A series of model calculations was done to analyze the delocaliztion of the proton in the linking hydrogen bond of the (Dih)₂H⁺ cation (Dih: 4,5-dihydro-H-imidazole). Standard quantum chemical calculations (B3LYP/D95+(d,p)) predict a low barrier hydrogen bond (LBHB) and thereby a delocalized proton in the NHN⁺ hydrogen bridge. Explicit quantum calculations on the proton indicate that the delocalization of the proton does not provide enough energy to stabilize a permanent LBHB. Additional Born-Oppenheimer Molecular Dynamics (BOMD) simulations indicate further that the proton is localized at either sides of the NHN⁺ bridge and that a central proton position is the result of temporal averaging. The possibility of the proton to tunnel from one side to the other side of the NHN⁺ bridge increases with the temperature as the trajectory of the (Dih)₂H⁺ cation runs through regions where the thermal excitation of Dih ring vibrations creates equal bonding opportunities for the proton on both sides of the bridge (vibrationally assisted proton tunneling). The quantum calculations for the proton in (Dih)₂H⁺ suggest further a broad peak for the 1←0 transition with a maximum at 938 cm^-1 similar to that observed for LBHBs. Moreover, the asymmetry NHN⁺ bridge in a thermally fluctuating environment is strong enough to create a significant peak at 1828 cm^-1 for the 2←0 transition, while contributions from the 2←1 are expected to be weak for the same reason.
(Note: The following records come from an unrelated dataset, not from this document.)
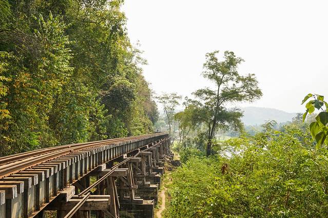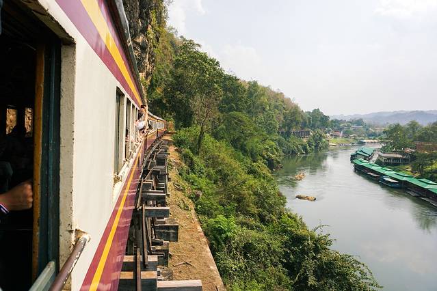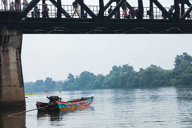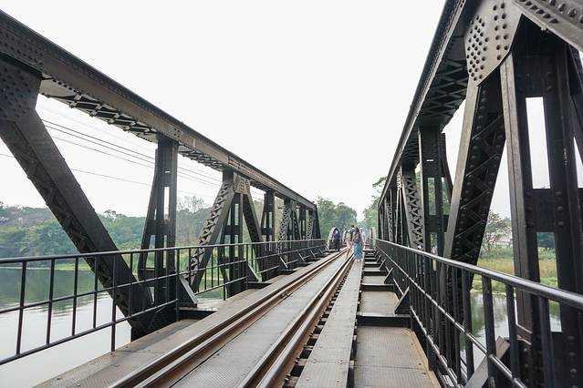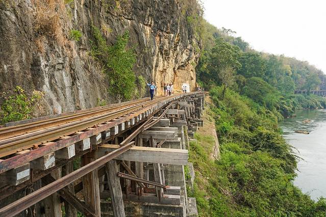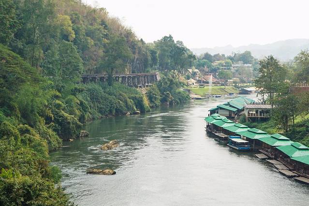 在 曼谷 西北 122公里的 北碧 府(Kan-chanaburi),这座横跨桂河的大桥———桂河大桥,折射了二战期间的一段历史:当年日军占领泰境期间,强迫盟军战俘建造铁路连接 缅甸 及暹罗,这条铁路在牺牲了无数宝贵性命后才得以完成,故有“死亡铁路”之称。同时堪称史上最出色的战争片之一的《桂河大桥》,也让它更为闻名。(来源百度百科)
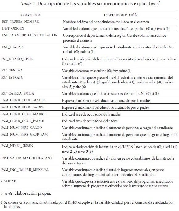 En el estudio se emplearon los datos del Instituto Colombiano para la Evaluación de la Educación (ICFES)4 relacionados con el puntaje obtenido por 22 mil 525 estudiantes de 41 universidades de los departamentos de la región Caribe (Atlántico, Bolívar, César, Magdalena, Córdoba, La Guajira y Sucre) en la prueba Saber Pro aplicada en el año 2009. Para explicar el desempeño académico universitario se exploró el efecto de diferentes variables que representan las características personales, familiares y socioeconómicas de quienes presentaron la prueba Saber Pro de 2009 (Tabla 1).
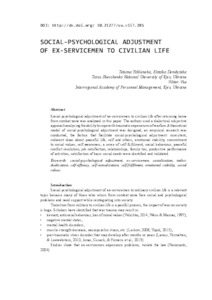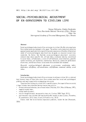 Social-psychological adjustment of ex-servicemen to civilian life after returning home from combat zone was analyzed in this paper. The authors used a dialectical subjective approach analysing the ability to cope with traumatic experiences of warfare. A theoretical model of social-psychological adjustment was designed, an empirical research was conducted, the factors that facilitate social-psychological adjustment: consistent, coherent ideas about peaceful life, self and others, emotional stability, commitment to social values, self-awareness, a sense of self-fulfilment, social behaviour, peaceful conflict resolution, job satisfaction, relationships, family ties, productive performance of activities, satisfaction of basic social needs were identified and validated.
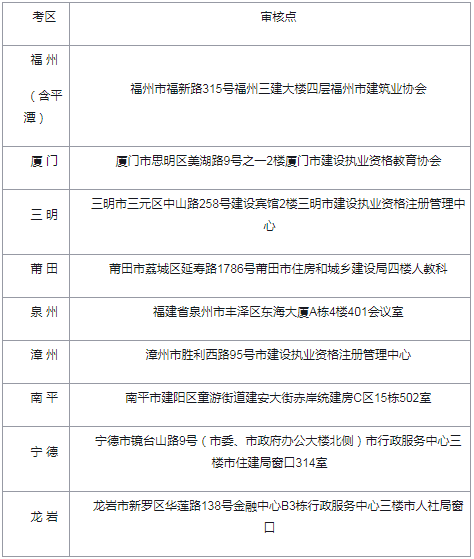 福建2019年各地區(qū)二級建造師考后現(xiàn)場復(fù)核地址
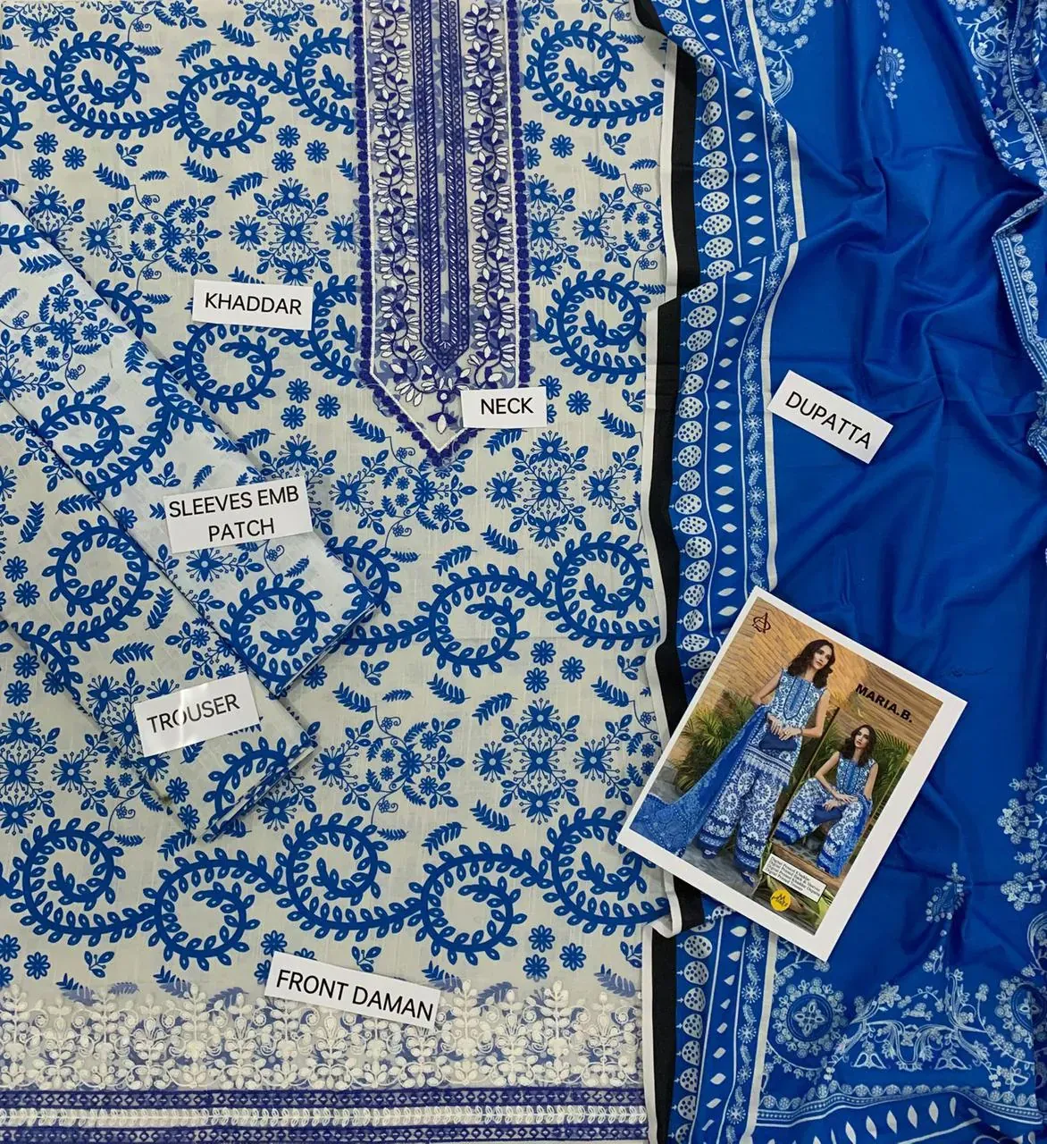 Maria B Inspired Khaddar Embroidered Suit | 3-Piece Unstitched Blue & White Floral Dress with Dupatta & Trousers | Elegant Winter Collection
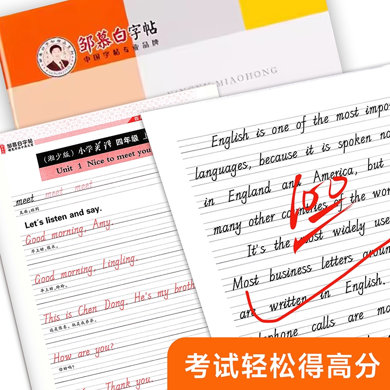 湘少版邹慕白英语字帖国标体3-6年级描红三四五六年级上册下册课文同步手写体练字本小学生儿童描临练字帖单元
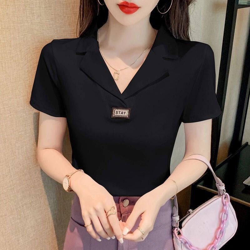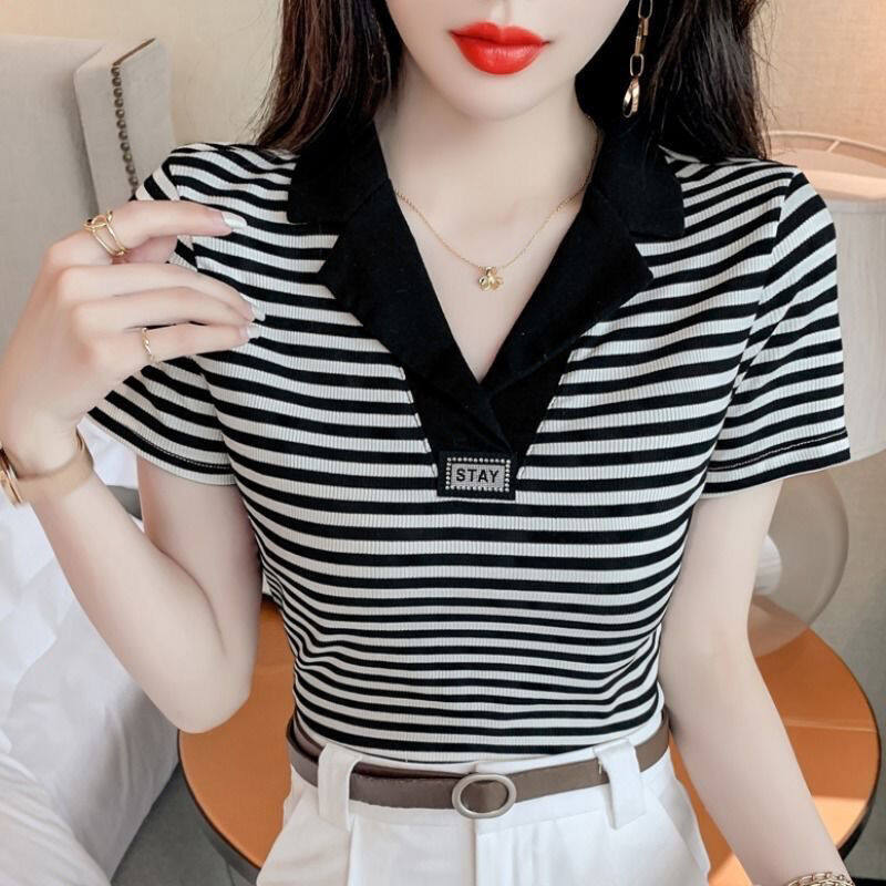 Women’s Short Sleeve Polo Shirt Lapel Temperament Tops for Women Summer New Age-reducing Casual Polo Shirt
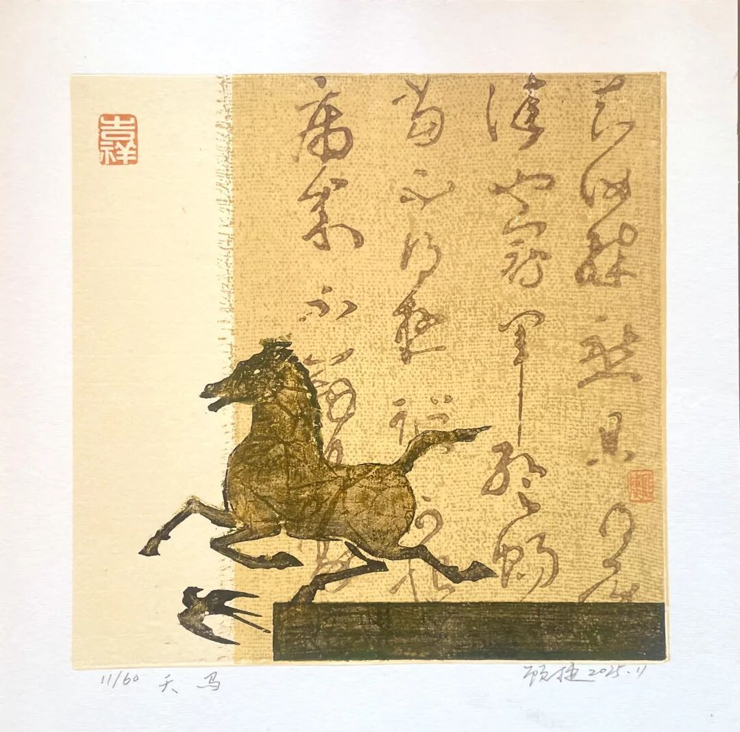 该作品采用传统油印工艺制作,通过五块底板套色印制而成。画面中,一匹骏马三足腾空,一足轻踏飞燕之背,造型动感凌厉,气势磅礴,生动诠释了“马踏飞燕”所蕴含的迅捷、勇毅与奋进精神。顾捷介绍,作品在设计稿与色彩选择上耗费月余,前后推敲数十稿,最终定下黄色的版本,极具古雅氛围。马匹采用黑色印制,再以金色复叠,增强层次感与金属质感,并运用柔纸法呈现马的纹理,形成铜铸般的立体效果,整体风格古朴厚重,别具韵味。背景则衬以奔放的草书,笔触经放大镜精勾细刻,与画面主体形成“软硬相衬”的独特艺术效果。

The observation of the Asp-His-Ser triad (Asp: aspertate, His: histidine, Ser: serine) triad both in mammalian and bacterial proteases suggests a special efficiency. A series of B3LYP/D95*(d,p) calculations on various [X-H^βY]^-} dyads (as part of the [X-H^βY-H^αAc]^- model triad, HAc: acetic acid) made from 8 different anions X^- and 15 different coupling elements H^βY was done to analyze the molecular origin of this efficiency.
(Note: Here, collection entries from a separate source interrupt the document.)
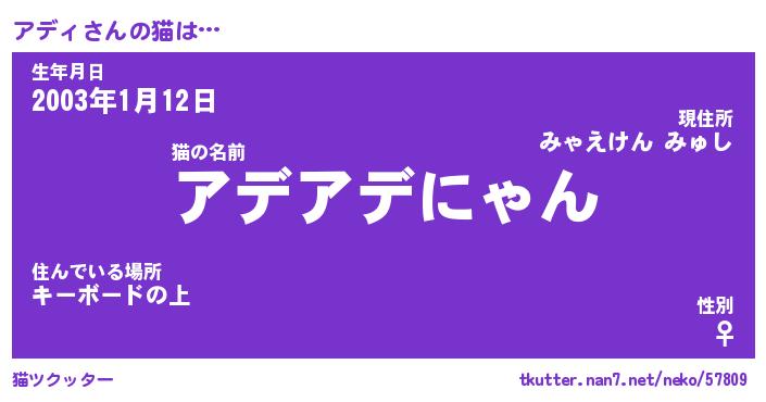 | ポケモン風あだ名 | 『アデチュウ』『アディダネ』 |
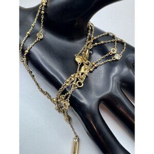 Henri Bendel Long Gold Tone And Swarovski Crystal Signed Necklace Adjustable
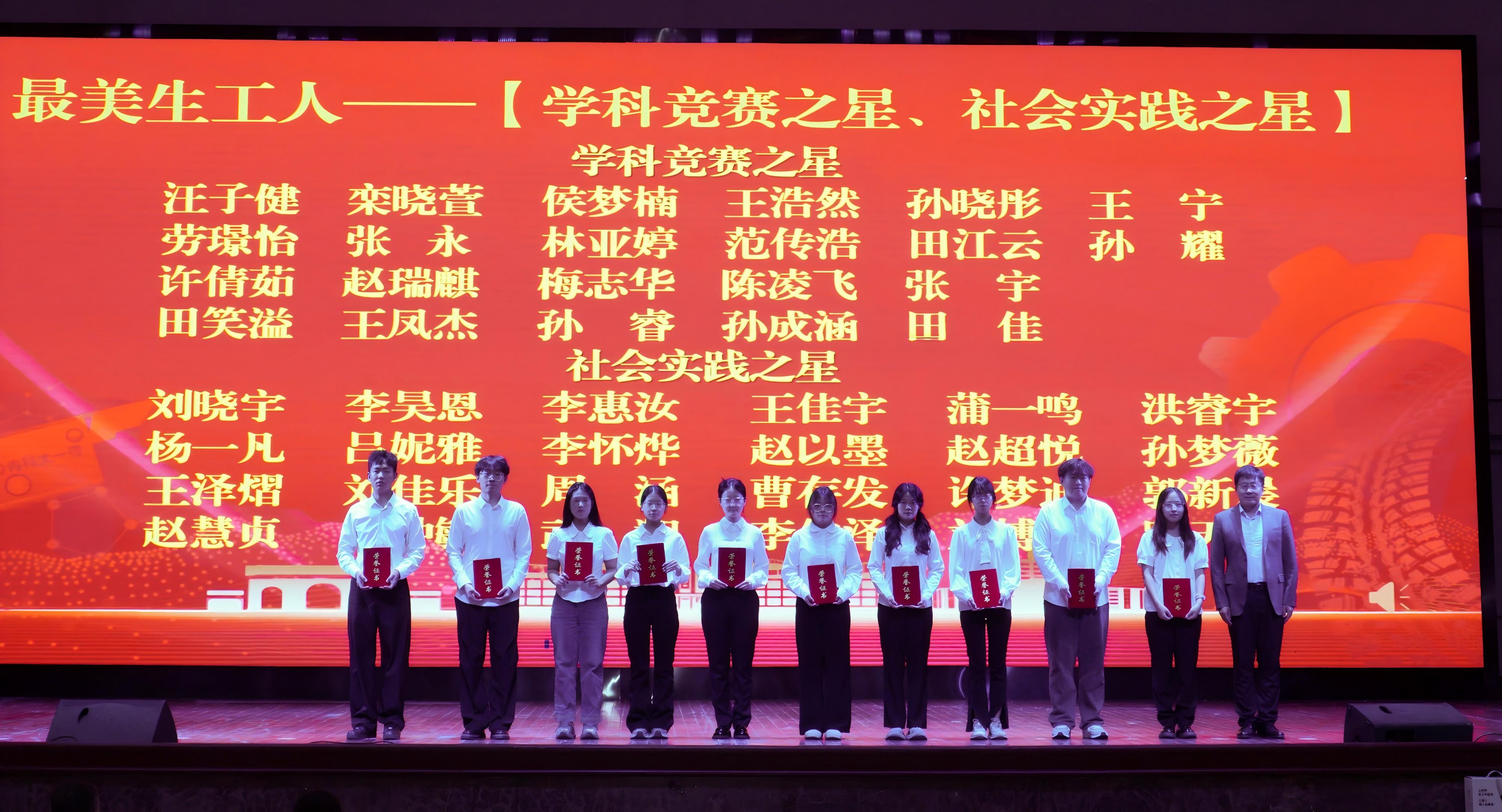 李浩为“最美生工人”学科竞赛之星、社会实践之星、文化体育活动之星颁发了荣誉证书。
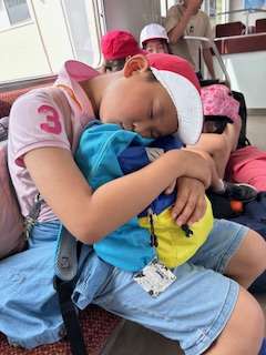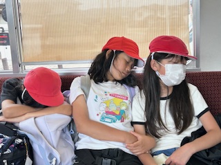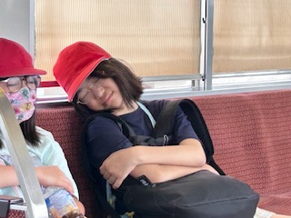 電車の揺れが気持ちいいのか、疲れて寝てしまっている子もいます。

The X^- anion acts merely as an electron density donor independent of its chemical nature and the evolutionary selection of Asp for the catalytic triad seems therefore to be caused by the pH of the triads environment. As the linking proton H^β moves from Y^- to X^-, electron density is effectively moved from X^- to Y^- increasing thereby the proton affinity (PA) of the [X-HY]^- dyad, which finally leads to the deprotonization of the HAc molecule. The degree to which the position of H^α controls the PA is dominatly determined by the coupling element HY. The model calculations indicate that 4-Methyl-1H-imidazole (HMim) is a very efficient coupling element, which suggest the evolutionary convergence to the Asp-His-Ser is not only controlled by the ready availability of the imidazole motive in His but also by its very high efficiency.

The theorem of matching proton affinities (PA) has been widely used in the analysis of hydrogen bonds. However, most experimental and theoretical investigations have to cope with the problem that the variation of the PA of one partner in the hydrogen bond severely affects the properties of the interface between both molecules. The B3LYP/d95+(d,p) analysis of two hydrogen bonds coupled by a 5-methyl-1H-imidazole molecule showed that it is possible to change the PA of one partner of the hydrogen bond while maintaining the properties of the interface. This technique allowed us to correlate various properties of the hydrogen bond directly with the difference in the PAs between both partners: It is possible to tune the potential energy surface of the bonding hydrogen atom from that of an ordinary hydrogen bond (localized hydrogen atom) to that of a low barrier hydrogen bond (LBHB, delocalized hydrogen atom) just by varying the proton affinity of one partner. This correlation shows clearly that matching PAs are of lesser importance for the formation of a LBHB than the relative energy difference between the two tautomers of the hydrogen bond.